| Work instructions |
Extract the lines of the material below, beginning with the first and ending with the line that holds "Разом із отаманом". Skip every picture.

| Source data |

....

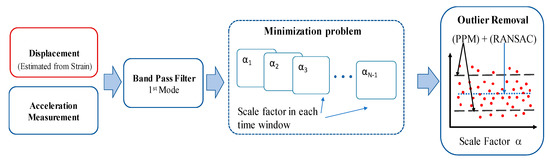 Reference-free calibration first applies a band pass filter to the acceleration and strain-based displacement measured at the mid-span point to extract the first-mode motions of acceleration and displacement. Next, the relationship between the second derivative of strain-based displacement from Equation (6) and the acceleration at the mid-span point is tuned to satisfy Equation (7).
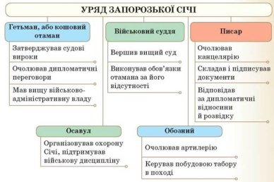 Разом із отаманом обирали військову старшину, тобто уряд Січі. До нього входили суддя (друга особа після кошового отамана), писар (відав усіма письмовими справами Запоріжжя), осавул (стежив за порядком і благополуччям козаків у мирний час), а також курінні отамани (піклувалися про козаків свого куреня).
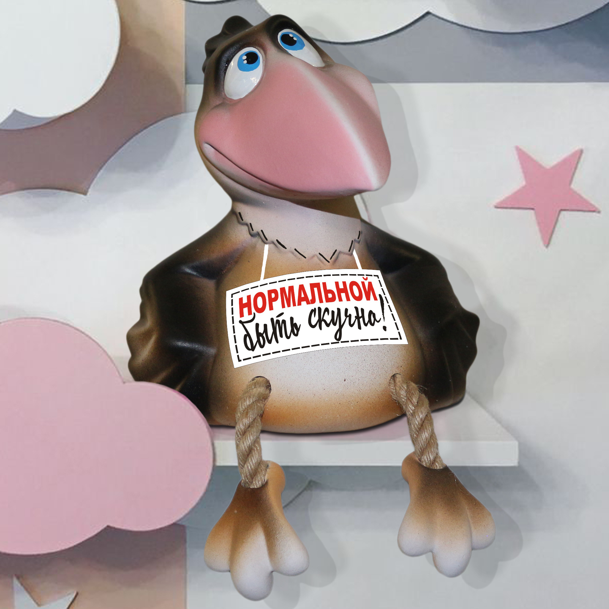 Копилка для денег керамическая. Прикол. "Ворона" 20 см. Бежевая.

....

| Result of the task |
 Reference-free calibration first applies a band pass filter to the acceleration and strain-based displacement measured at the mid-span point to extract the first-mode motions of acceleration and displacement. Next, the relationship between the second derivative of strain-based displacement from Equation (6) and the acceleration at the mid-span point is tuned to satisfy Equation (7).
 Разом із отаманом обирали військову старшину, тобто уряд Січі. До нього входили суддя (друга особа після кошового отамана), писар (відав усіма письмовими справами Запоріжжя), осавул (стежив за порядком і благополуччям козаків у мирний час), а також курінні отамани (піклувалися про козаків свого куреня).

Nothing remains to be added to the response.